A&A 399, 583-587 (2003)
DOI: 10.1051/0004-6361:20021533

Complex bifurcations in interstellar chemistry?

S. B. Charnley1 - A. J. Markwick2

1 - Space Science Division, NASA Ames Research Center, MS 245-3, Moffett Field, CA 94035, USA
2 - Department of Physics, UMIST, PO Box 88, Manchester M60 1QD, UK

Received 6 November 2001 / Accepted 21 October 2002

Bifurcation diagrams for the steady-state chemical abundances of dense molecular gas have been computed in the region of parameter space where bistable solutions are known to occur.
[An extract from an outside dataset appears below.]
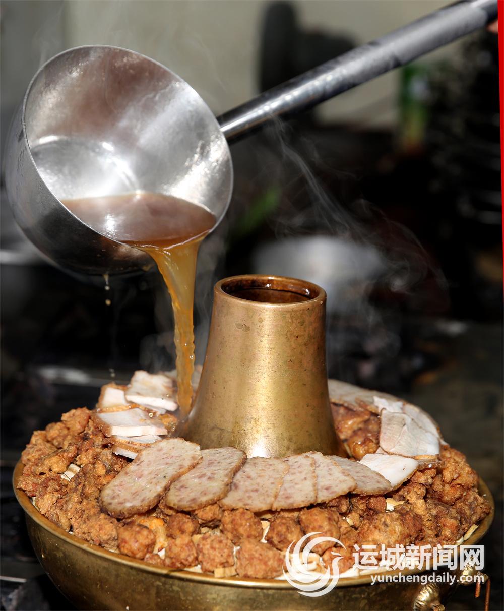 大白菜铺底,一层白豆腐、一层丸子、一层粉条、一层炸红薯、一层海带,把炸豆腐、五花肉片、排骨依次整齐地摆在最上层,最后将准备好的骨头汤,加入调味料搅匀浇在铜火锅里……这就是绛州铜火锅。铜火锅不断加热,汤汁会慢慢减少,旁边放一碗老汤,等吃到差不多的时候,直接添加进去。老汤溅到铜火锅上,发出“滋滋”的响声,就两个字——“舒服”。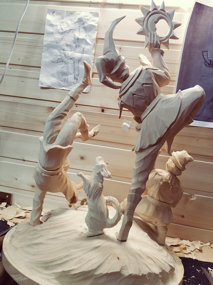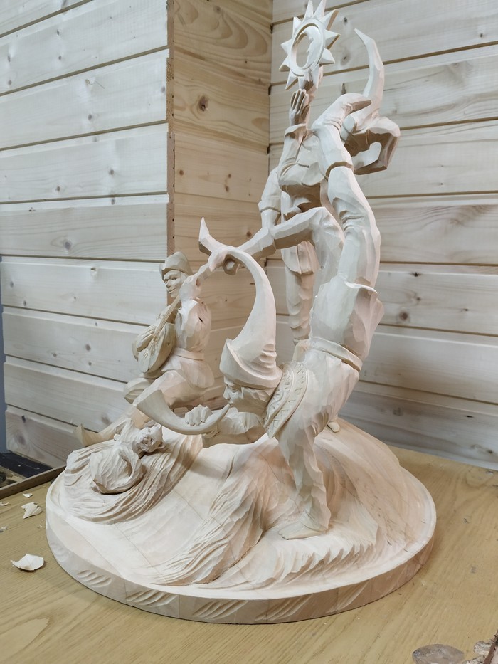 Много фигурная композиции под названием "живи здесь и сейчас" выполнена из древесины липы, с применением богородских приёмов разных веков. За основу взят скоморох как ярчайший образ русской импровизации. Именно его образ призывает нас жить в моменте;)… если будет интересно я могу конкретнее рассказать про каждого из трёх скоморохов и кота с собакой

Despite the appearance of many exotic bifurcations, which could be interpreted as sections though higher dimensional catastrophes, we show that they are fundamentally projection effects of the same basic bifurcation, which is an hysteresis loop.

Key words: ISM: abundances - ISM: molecules - molecular processes

1 Introduction

Astrochemical models of dense molecular clouds typically involve the simultaneous solution of many coupled, nonlinear, ordinary differential equations of the form

\begin{displaymath}\vec{\dot {y}} = \vec{F} (\vec{y}, t; {\bf\epsilon} )
\end{displaymath} (1)

where $\vec{y}$ is a vector of chemical fractional abundances or concentrations and $\vec{F}$ is a nonlinear function expressing the production and loss rates of each species. Equation (1) is analogous to that describing any dynamical system (Drazin 1992) and is solved subject to some prescribed set of initial conditions $\vec{y}(0)=\vec{y}^0$. The elements of the vector ${\bf\epsilon}$ are the bifurcation or control parameters whose variation essentially determines the nature and stability of the fixed-point solution, and hence the evolution of the dynamical system.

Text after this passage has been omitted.